2022年2月、市島酒造から王紋酒造へ改名。4月には新発田市の新しい観光スポットとして物産館「五階菱」をオープンさせた。今後も新しい試みを次々実行していこうとしている同蔵の今について、杜氏の田中毅さんはこう話します。
1790年代に市島秀松が創業した、市島酒造を2022年2月に王紋酒造へと改名した理由について、長年、同蔵で杜氏を務める田中さんが教えてくれました。
「弊社は、創業以来、新発田市の中心で酒造りを行ってきました。観光蔵として、全国より数多くの方々に来訪していただきましたが、より高いブランディングを図ろうと考えた結果、改名することとしました」
創業当時には、諏訪神社前に位置していたことから看板銘柄を「諏訪盛」としていたが、大正末期から新たな看板銘柄として「王紋」を生み出した同蔵。以来、蔵名よりも全国的に銘柄が浸透していったと田中さん。
「蔵の名前と看板銘柄が統一したことで、さらに多くの方々に酒も蔵も知っていただけるようになったと思います」
2022年4月には体験型酒蔵リゾートと銘打った「五階菱」が誕生した。館内には、新発田市内の他社銘柄や下越地区の名産品など、500を超える物産が所狭しと、並べられている。さらには、有料試飲コーナーや旧倉庫を利用したプロジェクション・マッピングコーナーなど、目や舌で体験する施設もそろっている。
「エンターテインメント施設として、楽しんでいただける空間づくりを大切にしました」
今回、新設したスポットはJR新発田駅から徒歩約5分。目と鼻の先には、同市出身の実業家・大倉喜八郎の別邸「蔵春閣」が移築され、2023年には一般公開が始まる。そのほか、新発田総鎮守・諏訪神社や日本庭園の清水園、風情ある寺町通りなど、かつて城下町だった新発田市の風情を感じられるその中心に蔵は位置している。
「私たちの蔵やお酒に興味を持っていただき、まずは来訪いただく。そして、この場所を起点に新発田市を散策していただき、この街の魅力をいろいろな方々に知ってもらいたい。日本酒から始まる街づくりに取り組みたい」
五階菱創設も城下町プロジェクトと題した、壮大な試みの一環。生まれ育った街・新発田の活性化や経済の立て直しの一役を担えたら……。
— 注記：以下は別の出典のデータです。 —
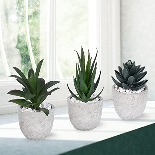 Ulikey 3 Pezzi Piante Grasse Finte Artificiali Succulente con Vaso, Decorative con Pietre, Bianco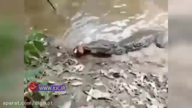 برق گرفتگی تمساح حین شکار مارماهی الکتریکی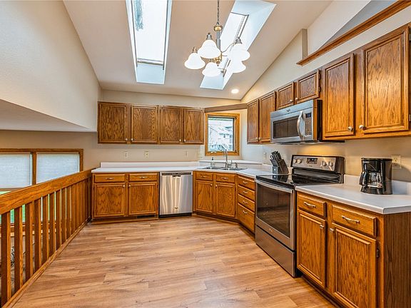 Meticulously maintained multi-level home with several updates and an open floor plan. The foyer opens to a vaulted ceiling with a décor ledge that leads to a large kitchen that boasts skylights and stainless steel appliances that are like new! Right off the dining room there is an atrium door that goes out to a stamped patio and fenced in yard. The master bedroom has an updated bath and walk-in closet, The finished lower level is perfect for a for a non-conforming bedroom with a custom closet, game room, or office! The interior of the attached garage has a fresh coat of paint and has updated lighting!

「酒質的に目指しているのは、口当たりの柔らかい、優しいお酒」
1975年、女性としては日本で初めて一級醸造技能士試験に合格。2003年に退職するまで酒造りに携わった椎谷和子さんが在籍していた王紋酒造。そんな彼女の影響もあってか、同蔵で醸しているのは、常に「たおやか女性」をイメージさせる味わい。上品でいながらも強さを併せ持つお酒が信条だと田中さんは話します。
「さらに最近は、飲み手に若い世代の女性をイメージしたお酒も醸すようになりました」
アルコール度数を低めに設定。ほかの銘柄に比べて、甘味や酸味をやや立たせた「かれん」シリーズは、その最たる例。試飲コーナーや県内外の試飲販売会では、日本酒に興味を持ち始めた方々への入門酒として好評を得ているという同シリーズ。
「日本酒の新しいアプローチとして認識していただいているという手応えを感じています」
そんな同蔵では、このほかどのような味わいを醸しているのか。田中杜氏おすすめの銘柄をみてみよう。
ほのかに感じるナシのような香り、甘さと辛さがバランスよく広がります。純米酒らしく、喉を抜けた後、しっかりとした米のうま味を楽しめるのも魅力。
香りは穏やか、澄んだ印象のきれいな味わいで、後味のキレもよく、料理の邪魔をしない純米吟醸。
伝統のラベルが印象的な、地元で親しまれている晩酌酒。杜氏おすすめの飲み方は35度程度の人肌燗。少し温めて飲むことで、優しいうま味がより引き出される。